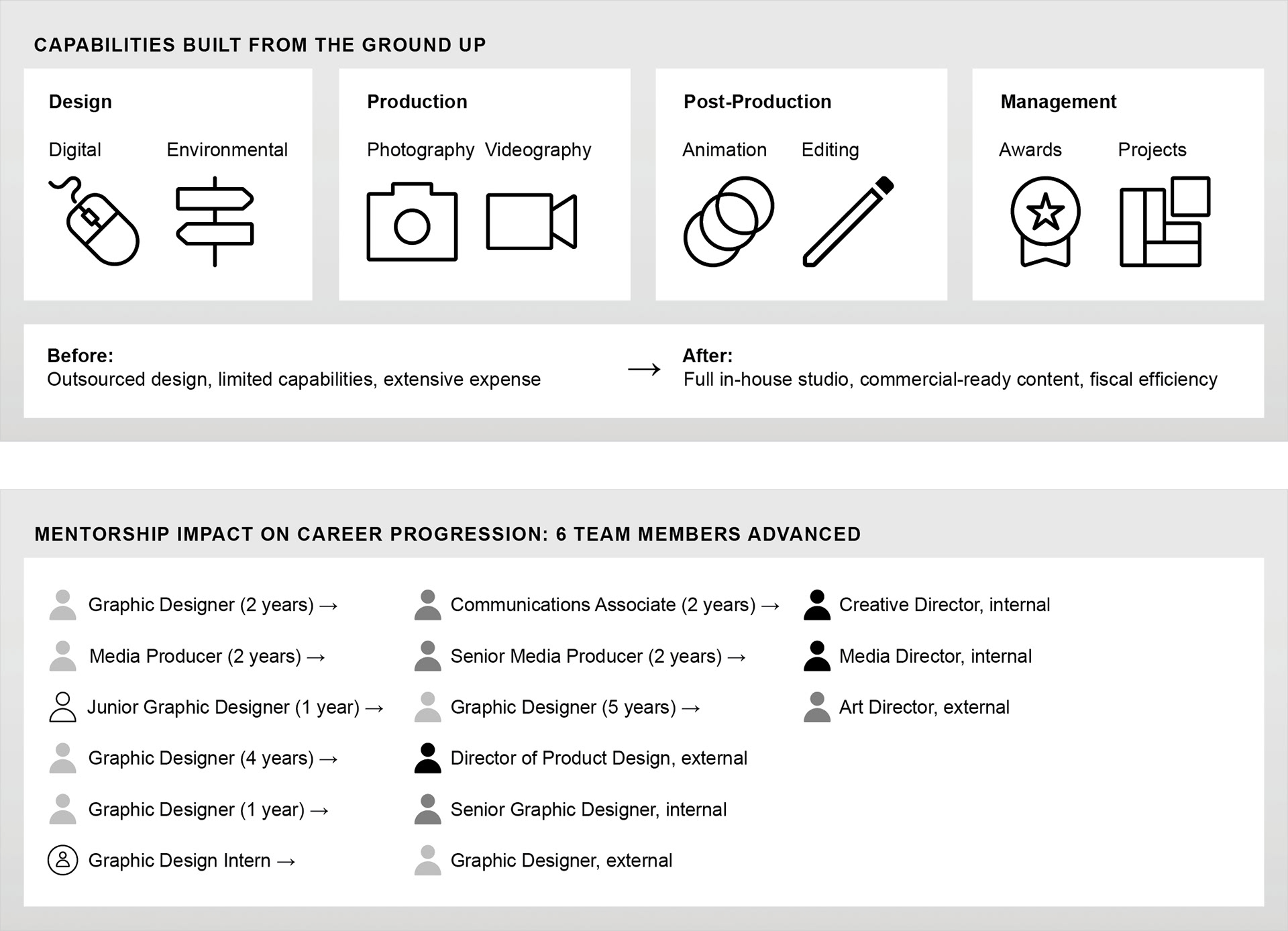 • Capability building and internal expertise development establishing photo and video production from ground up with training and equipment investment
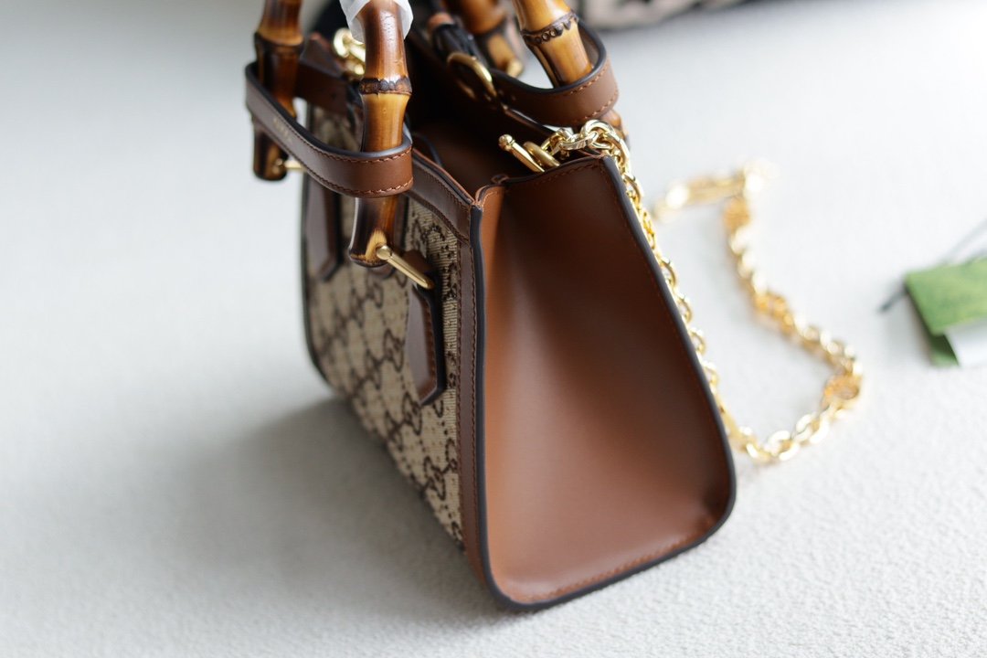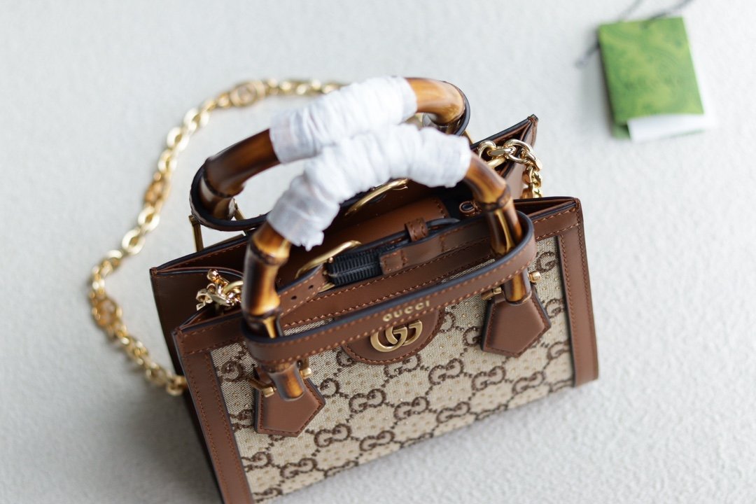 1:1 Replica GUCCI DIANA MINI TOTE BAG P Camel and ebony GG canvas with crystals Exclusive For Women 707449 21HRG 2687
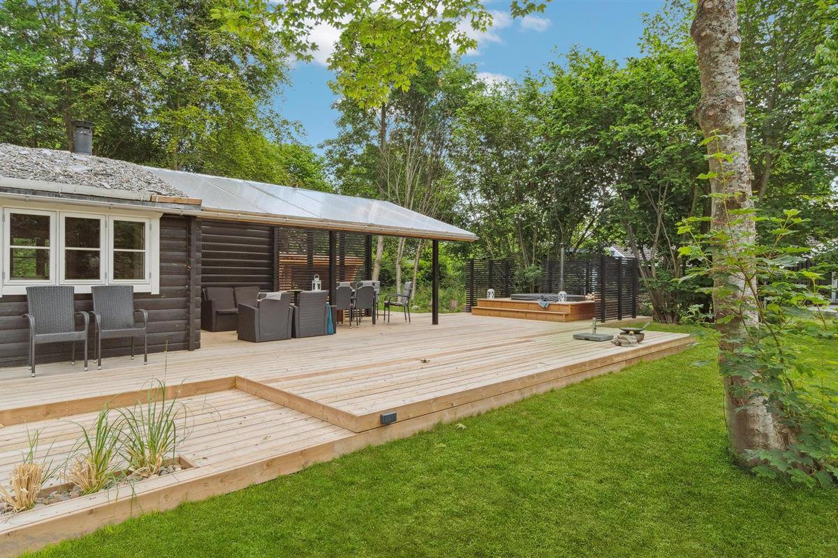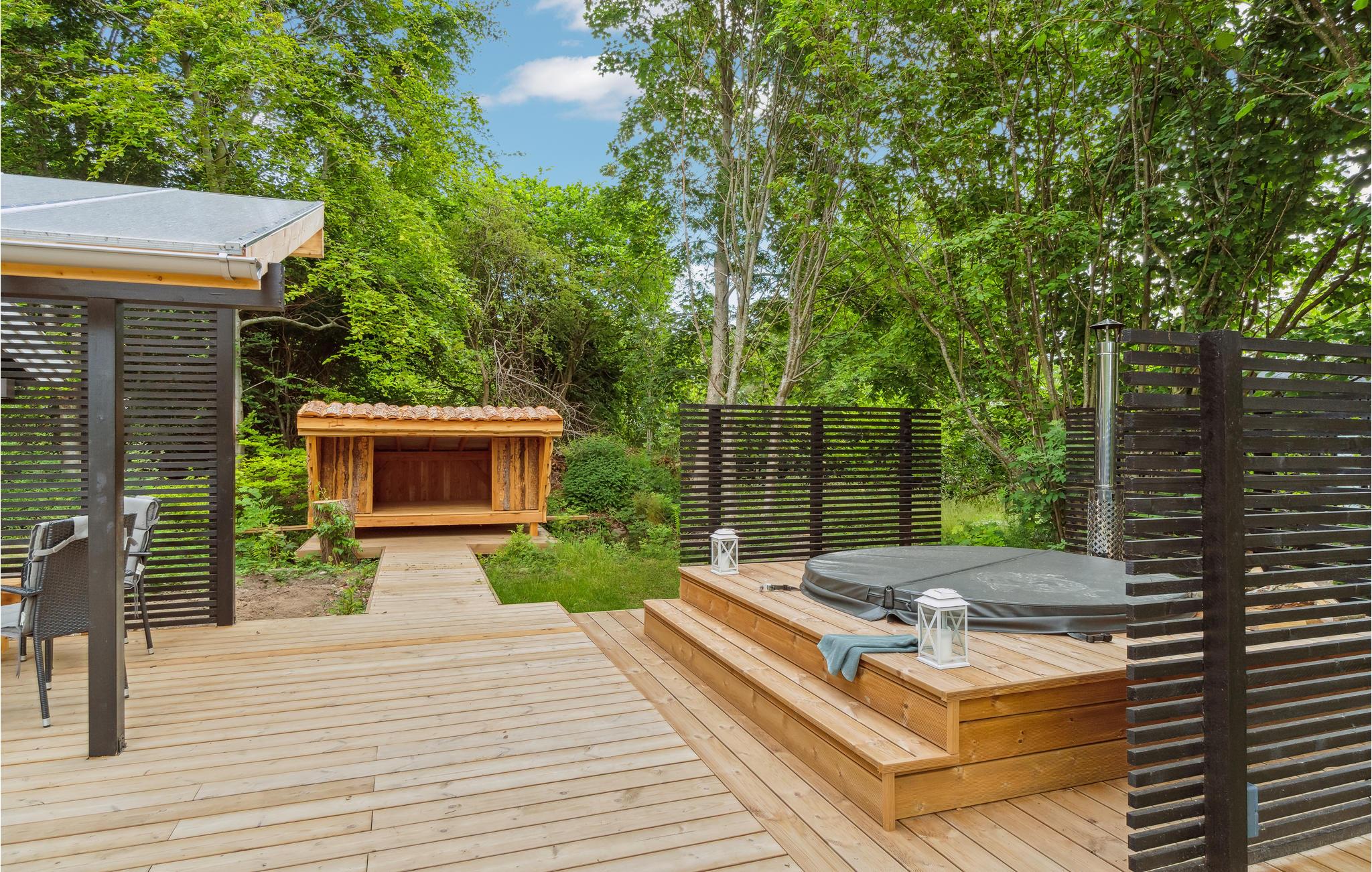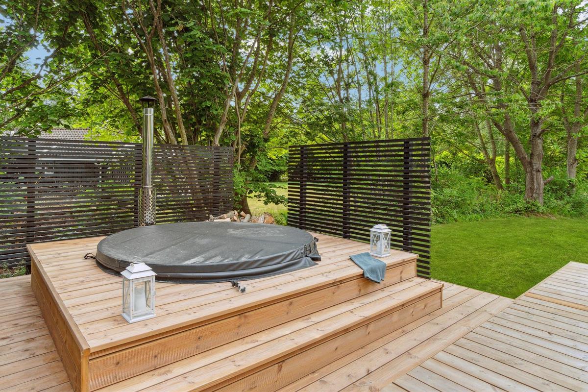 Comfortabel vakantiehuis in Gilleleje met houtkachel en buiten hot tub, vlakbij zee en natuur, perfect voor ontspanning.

-.-.-

● **HOW TO COMPLETE THIS TASK**: Everything in the listing above must be restated word for word, except the images.

● **ANSWER SPACE**:
 • Capability building and internal expertise development establishing photo and video production from ground up with training and equipment investment
 1:1 Replica GUCCI DIANA MINI TOTE BAG P Camel and ebony GG canvas with crystals Exclusive For Women 707449 21HRG 2687
 Comfortabel vakantiehuis in Gilleleje met houtkachel en buiten hot tub, vlakbij zee en natuur, perfect voor ontspanning.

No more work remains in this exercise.